Supplied records —
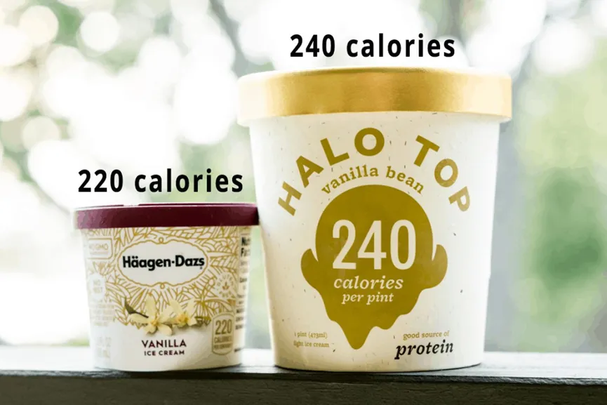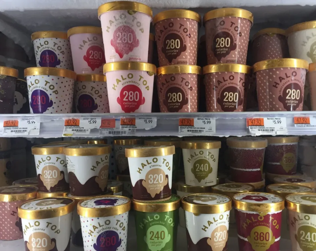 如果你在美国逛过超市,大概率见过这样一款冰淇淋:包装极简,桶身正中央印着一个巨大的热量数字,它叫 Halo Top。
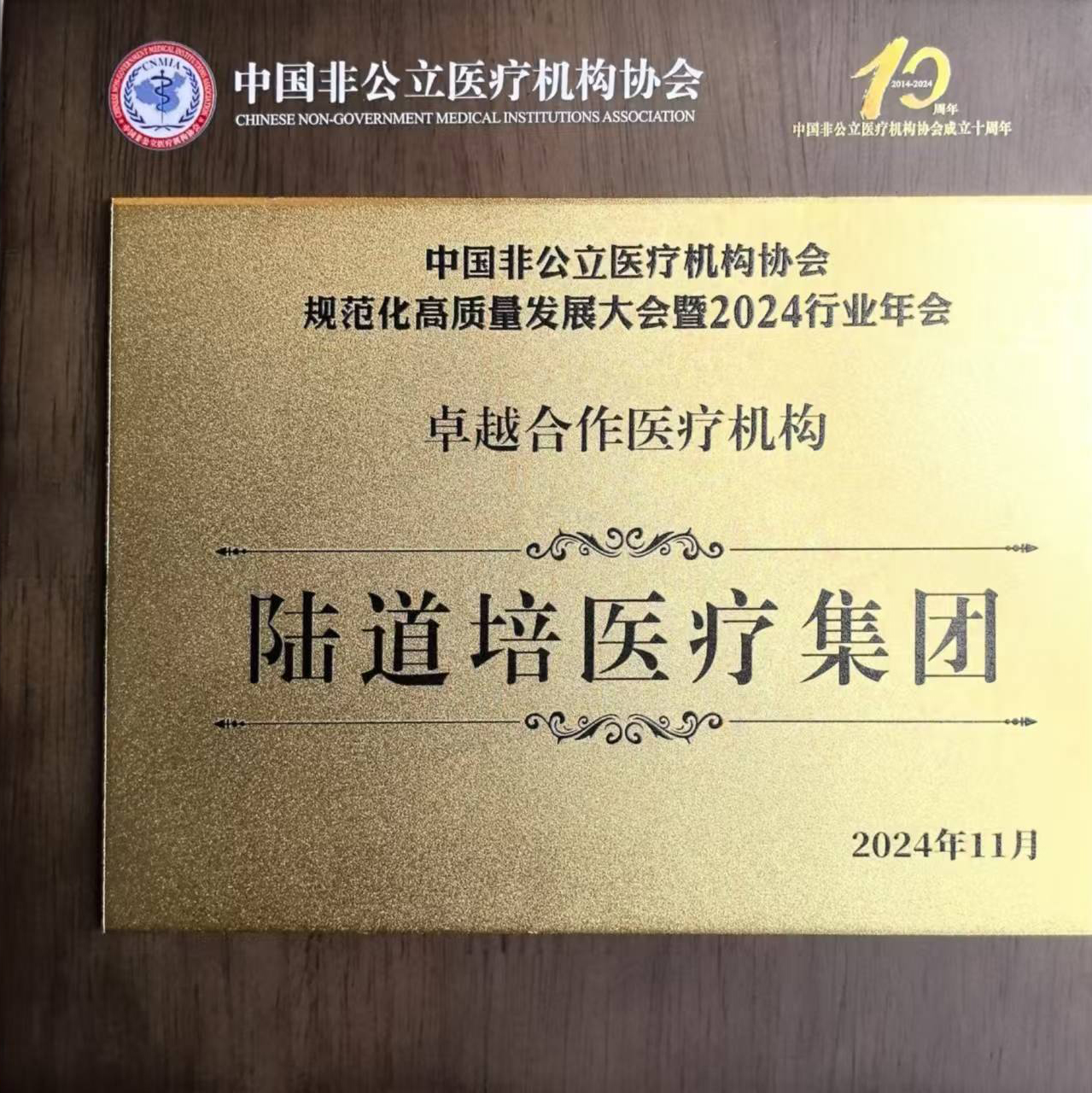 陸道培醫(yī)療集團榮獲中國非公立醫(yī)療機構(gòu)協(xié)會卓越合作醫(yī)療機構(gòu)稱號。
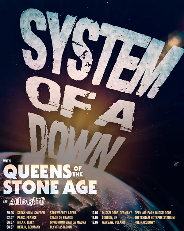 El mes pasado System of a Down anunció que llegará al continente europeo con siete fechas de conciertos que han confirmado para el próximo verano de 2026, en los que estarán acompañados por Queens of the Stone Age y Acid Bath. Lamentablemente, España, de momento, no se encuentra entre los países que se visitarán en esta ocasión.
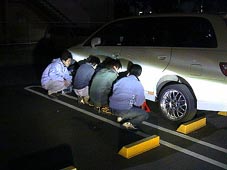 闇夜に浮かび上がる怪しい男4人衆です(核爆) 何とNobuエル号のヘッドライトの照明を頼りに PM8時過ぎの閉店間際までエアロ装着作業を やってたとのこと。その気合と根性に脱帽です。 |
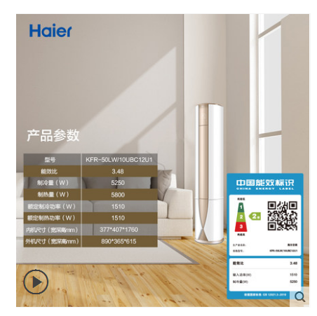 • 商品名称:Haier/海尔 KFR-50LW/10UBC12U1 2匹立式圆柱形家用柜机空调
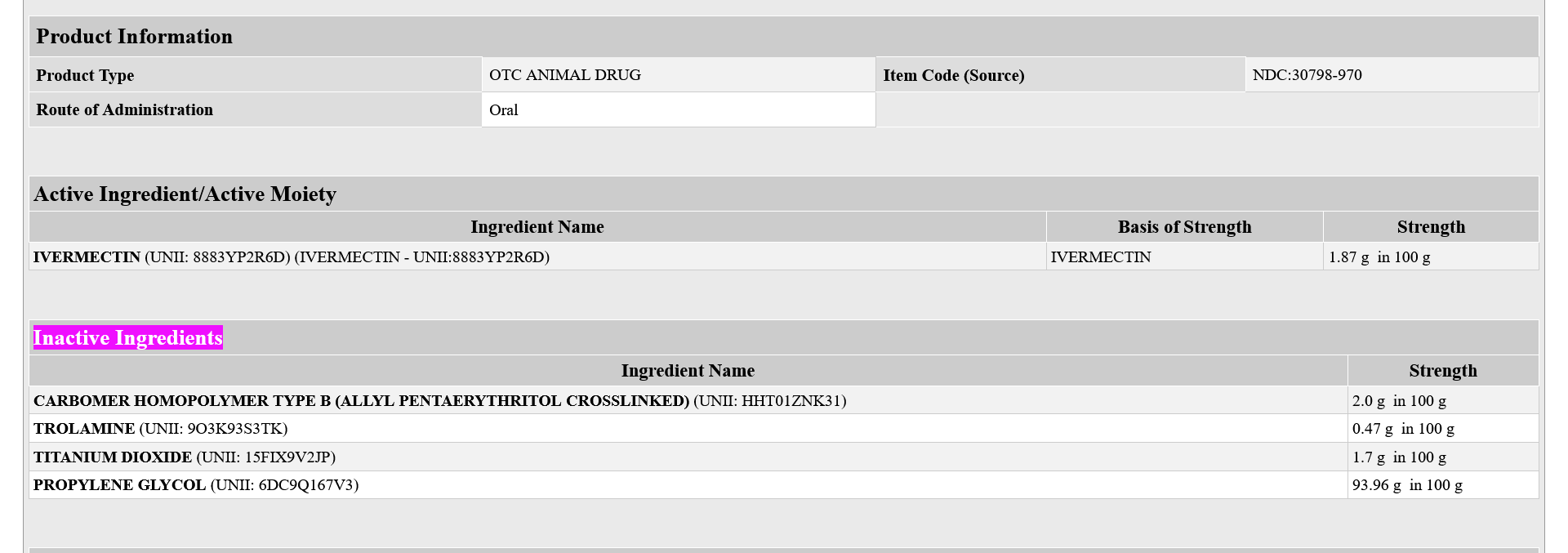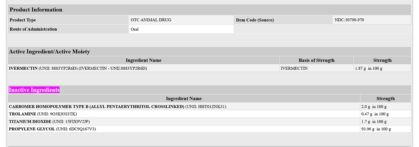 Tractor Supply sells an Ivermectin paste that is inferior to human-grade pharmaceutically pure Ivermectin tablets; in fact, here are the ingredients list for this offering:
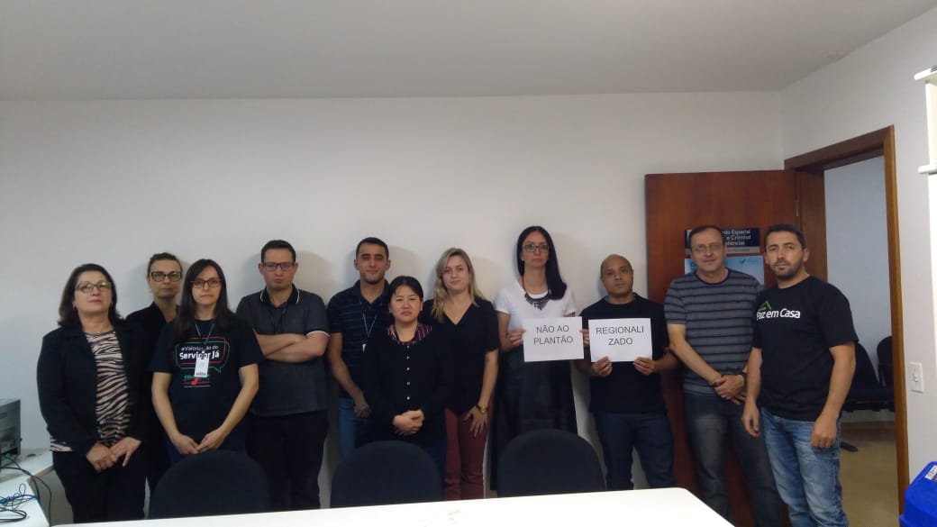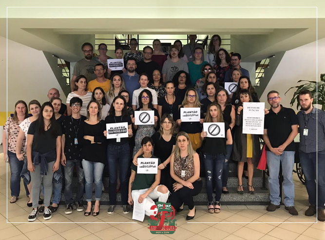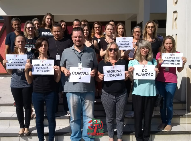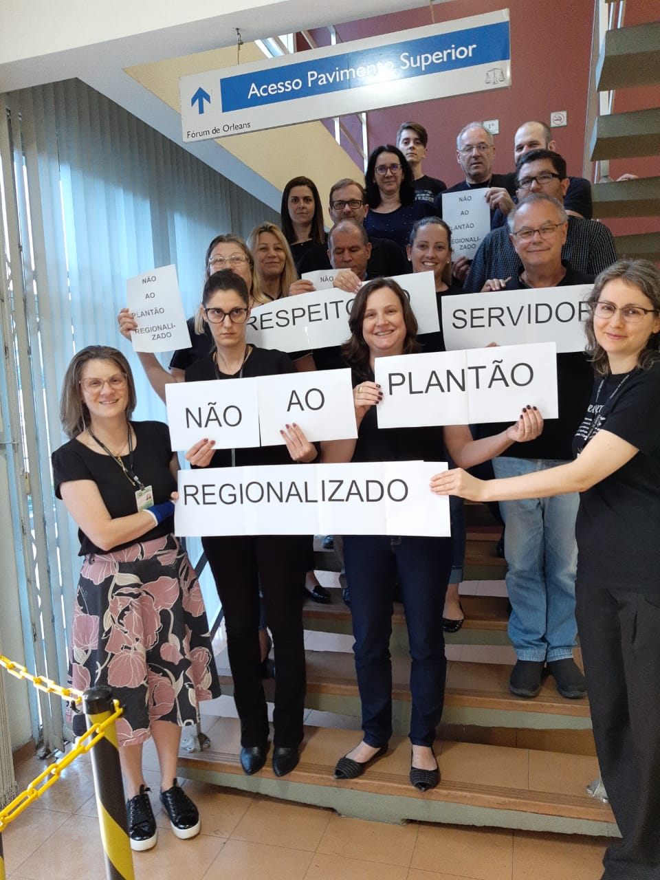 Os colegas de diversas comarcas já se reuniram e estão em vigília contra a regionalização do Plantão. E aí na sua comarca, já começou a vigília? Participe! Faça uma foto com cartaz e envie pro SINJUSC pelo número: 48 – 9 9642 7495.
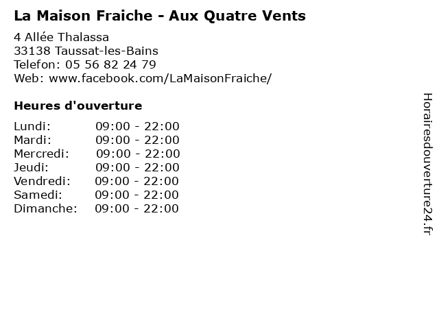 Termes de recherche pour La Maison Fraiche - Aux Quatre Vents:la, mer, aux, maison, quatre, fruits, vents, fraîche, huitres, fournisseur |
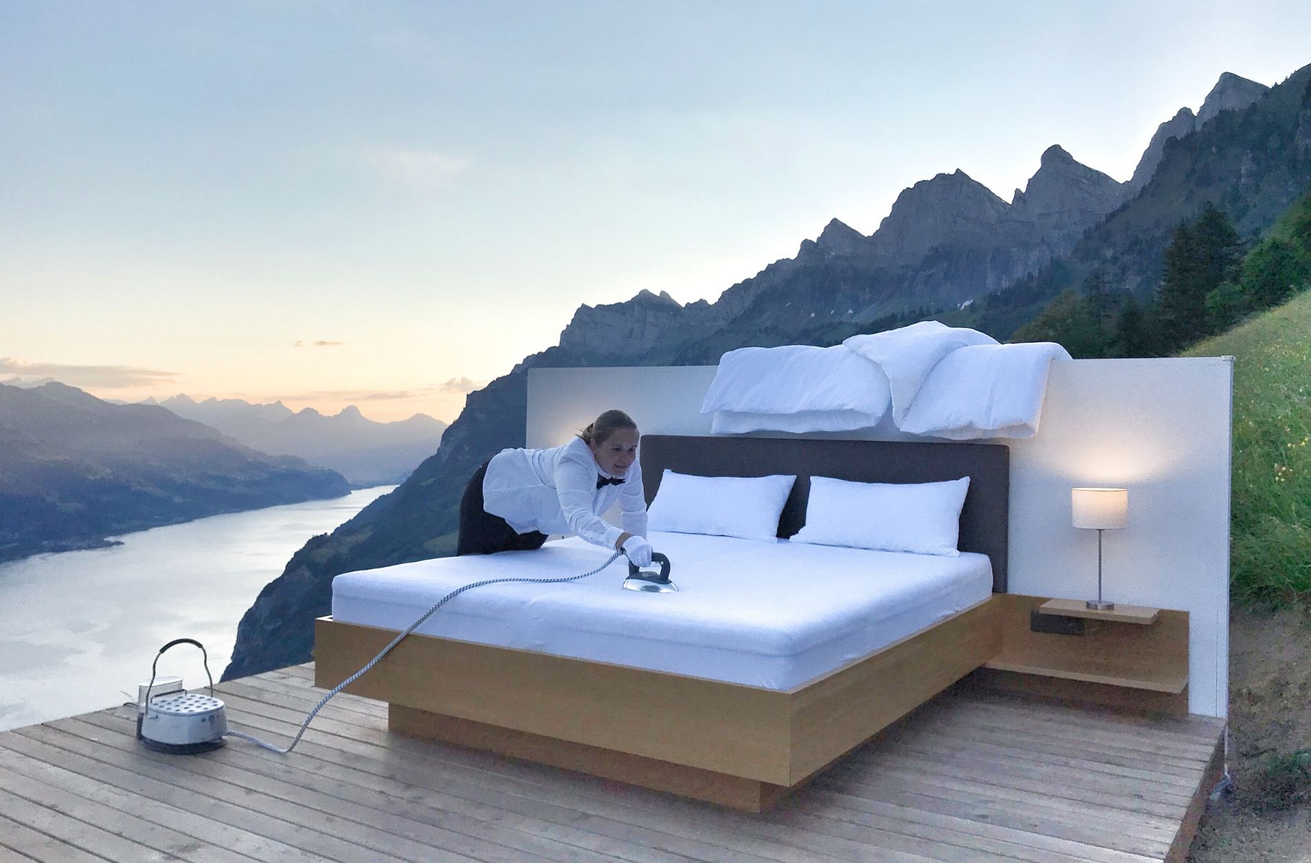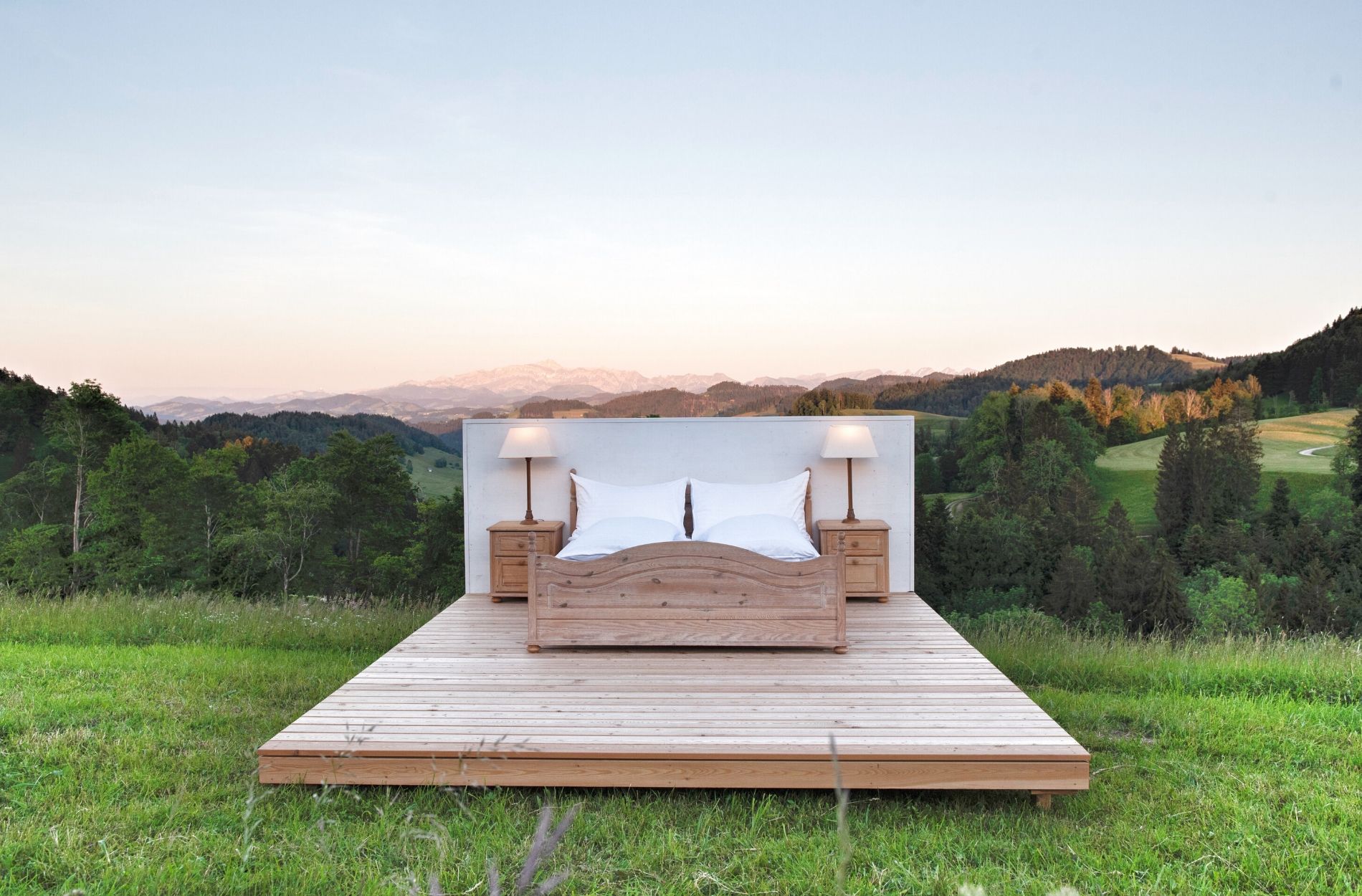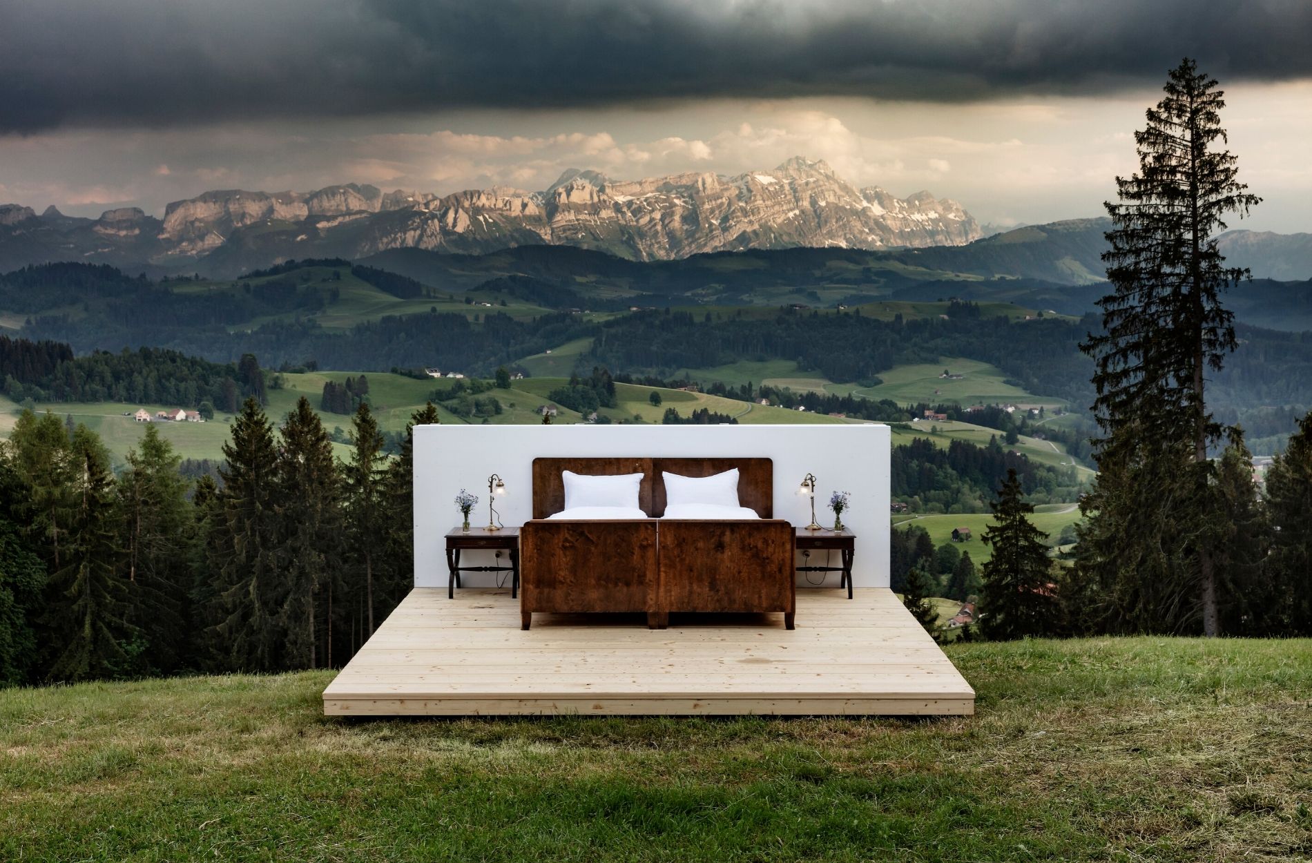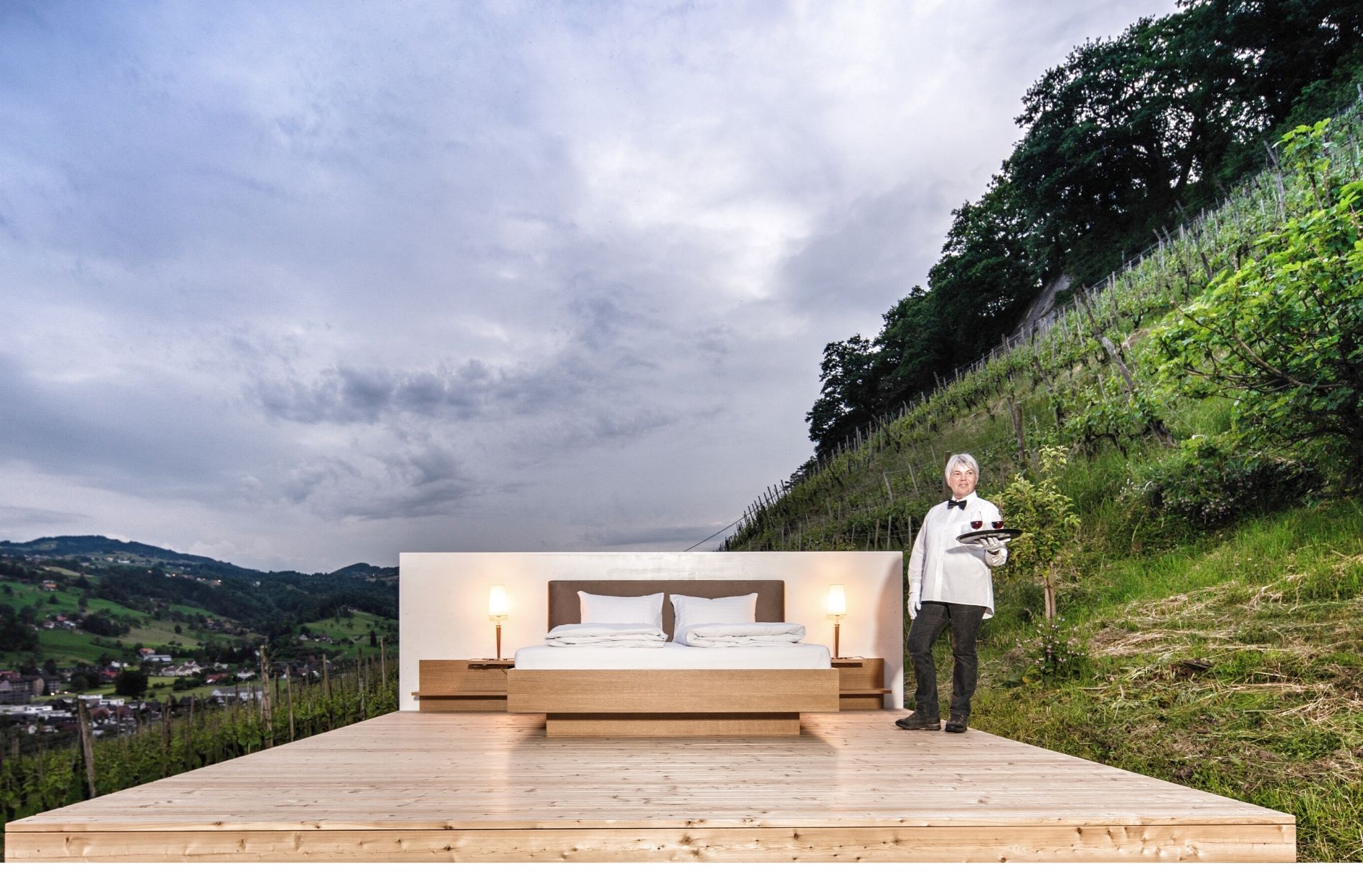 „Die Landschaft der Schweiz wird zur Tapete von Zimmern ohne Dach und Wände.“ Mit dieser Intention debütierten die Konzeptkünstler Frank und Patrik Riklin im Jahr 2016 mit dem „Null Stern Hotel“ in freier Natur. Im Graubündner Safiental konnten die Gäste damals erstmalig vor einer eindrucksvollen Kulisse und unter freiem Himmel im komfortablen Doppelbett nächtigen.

Task directions —
Please copy the entries in full. Leave each image out.

Written solution —
 如果你在美国逛过超市,大概率见过这样一款冰淇淋:包装极简,桶身正中央印着一个巨大的热量数字,它叫 Halo Top。
 陸道培醫(yī)療集團榮獲中國非公立醫(yī)療機構(gòu)協(xié)會卓越合作醫(yī)療機構(gòu)稱號。
 El mes pasado System of a Down anunció que llegará al continente europeo con siete fechas de conciertos que han confirmado para el próximo verano de 2026, en los que estarán acompañados por Queens of the Stone Age y Acid Bath. Lamentablemente, España, de momento, no se encuentra entre los países que se visitarán en esta ocasión.
 闇夜に浮かび上がる怪しい男4人衆です(核爆) 何とNobuエル号のヘッドライトの照明を頼りに PM8時過ぎの閉店間際までエアロ装着作業を やってたとのこと。その気合と根性に脱帽です。 |
 • 商品名称:Haier/海尔 KFR-50LW/10UBC12U1 2匹立式圆柱形家用柜机空调
 Tractor Supply sells an Ivermectin paste that is inferior to human-grade pharmaceutically pure Ivermectin tablets; in fact, here are the ingredients list for this offering:
 Os colegas de diversas comarcas já se reuniram e estão em vigília contra a regionalização do Plantão. E aí na sua comarca, já começou a vigília? Participe! Faça uma foto com cartaz e envie pro SINJUSC pelo número: 48 – 9 9642 7495.
 Termes de recherche pour La Maison Fraiche - Aux Quatre Vents:la, mer, aux, maison, quatre, fruits, vents, fraîche, huitres, fournisseur |
 „Die Landschaft der Schweiz wird zur Tapete von Zimmern ohne Dach und Wände.“ Mit dieser Intention debütierten die Konzeptkünstler Frank und Patrik Riklin im Jahr 2016 mit dem „Null Stern Hotel“ in freier Natur. Im Graubündner Safiental konnten die Gäste damals erstmalig vor einer eindrucksvollen Kulisse und unter freiem Himmel im komfortablen Doppelbett nächtigen.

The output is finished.